Limitations in the current study include that it is a retrospective review, is based on biopsies from patients referred to a large academic referral practice of liver disease, and includes a relatively small number of biopsies. However, because of the stringent histologic entry criteria for inclusion in the study to include only cases with evidence of perisinusoidal fibrosis in addition to the other lesions of steatohepatitis, our results quite possibly underestimate the actual concurrence of steatohepatitis with other forms of chronic liver disease.
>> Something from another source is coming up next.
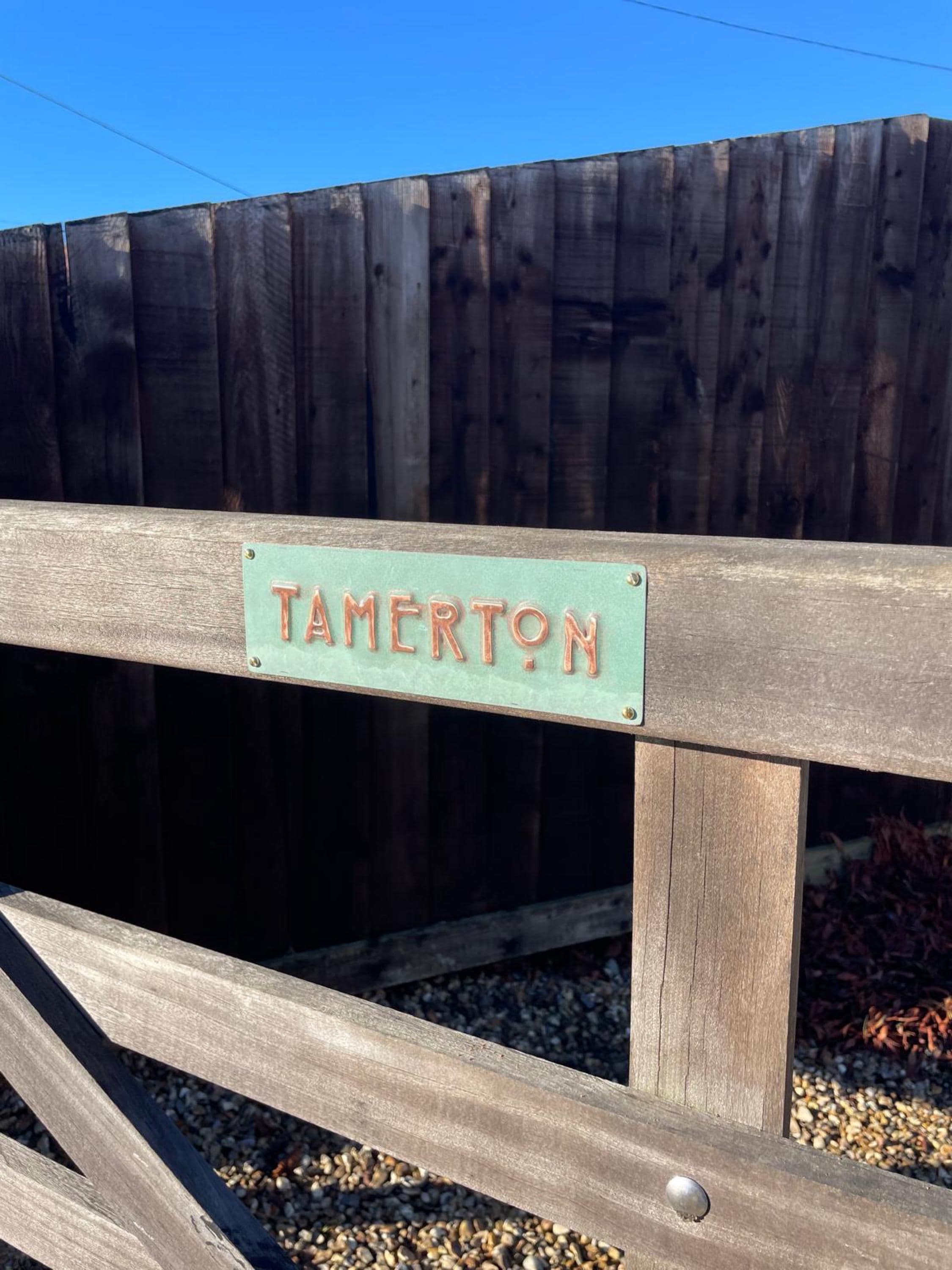 Small copper Gate door name Sign address plaque - up to 22 characters of your choice in 1" high Hill House font made from eco friendly copper - this is a 99% recycled product. Polished copper reflects car and street lighting so illumination may not be necessary - saves electricity.

This certainly may be true when one considers the observations that cryptogenic cirrhosis, in which diagnostic histopathologic lesions of ongoing disease are no longer present, may be due in part to previous nonalcoholic steatohepatitis (55).

In conclusion, we have documented cases in which a liver biopsy done for a clinically-defined liver disease also showed the distinct, diagnostic histopathologic features of steatohepatitis. This finding was noted in biopsies from patients with chronic hepatitis C as well those with several other forms of chronic liver disease. Although alcohol use of >80 g/day was noted in a small proportion of cases, in the remainder alcohol use was reported as <10g/d and therefore would not be attributed as the underlying cause of the histologic lesions. The frequency of such concurrence may reflect the frequency with which steatohepatitis is present in our population, rather than a predisposition to occur in a certain form of liver disease. Further study is required to evaluate the significance of concurrent lesions in liver disease patients with regard to progression of the two diseases.